Please see the attached FOI response. Has anyone shared comparable data already?
Since its inception, the average success rate of appeals to the Social Security Chamber has been 51.7%. In the last 18 months (when the number of ADP appeals really started to take off) it has been consistently around 53-54%.
The data appears to suggest that in only the first 32 weeks of the current reporting year, the Social Security Chamber has experienced an increase in appeals by 322% compared with the entire reporting year 2023-2024. To put this another way, the SSC has already received almost 3 times as many appeals this year as it did across the 5 preceding years.

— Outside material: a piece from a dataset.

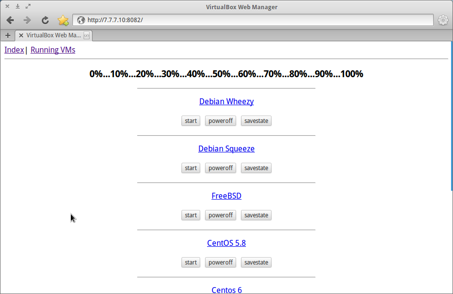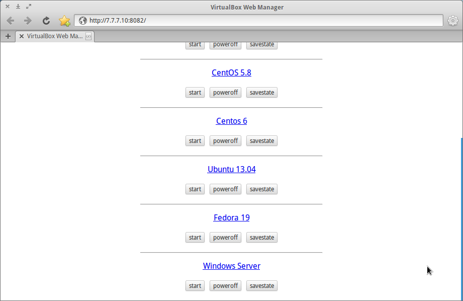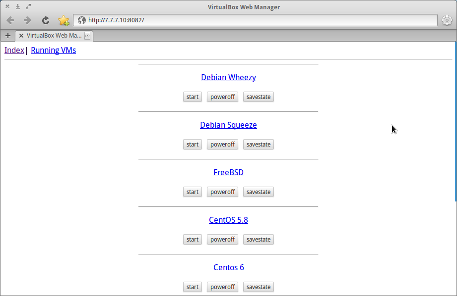 Como tenho preguiça de ter que ir até ele toda hora para realizar alguma ação no virtualbox e o mesmo possuí o python instalado, resolvi criar uma simples aplicação web com python3 e bottle para manipular o virtualbox do meu antigo pc pelo navegador, para pelo menos iniciar e salvar o estado da VM.

This is unlikely to be surprising given that ADP was rolled out in 2022/23, case transfers from DWP are nearing completion, the apparent processing times on determinations and re-determinations, and the apparent waiting times between lodgement of appeals and oral hearings. I’m awaiting further data confirming the numbers of withdrawn and undisposed appeals.
The data appears to show that the SSC may have more than 3,000 unheard cases, more than twice the total number of receipts in 2023/24.
It would also be interesting to have granulated data on a benefit-by-benefit basis. I believe the data likely suggests that ADP appellants enjoy significantly less success than PIP appellants. (I believe PIP appeals currently have a roughly 70% success rate.)
The FTS doesn’t appear to freely report its annual stats yet in the way the FTT does.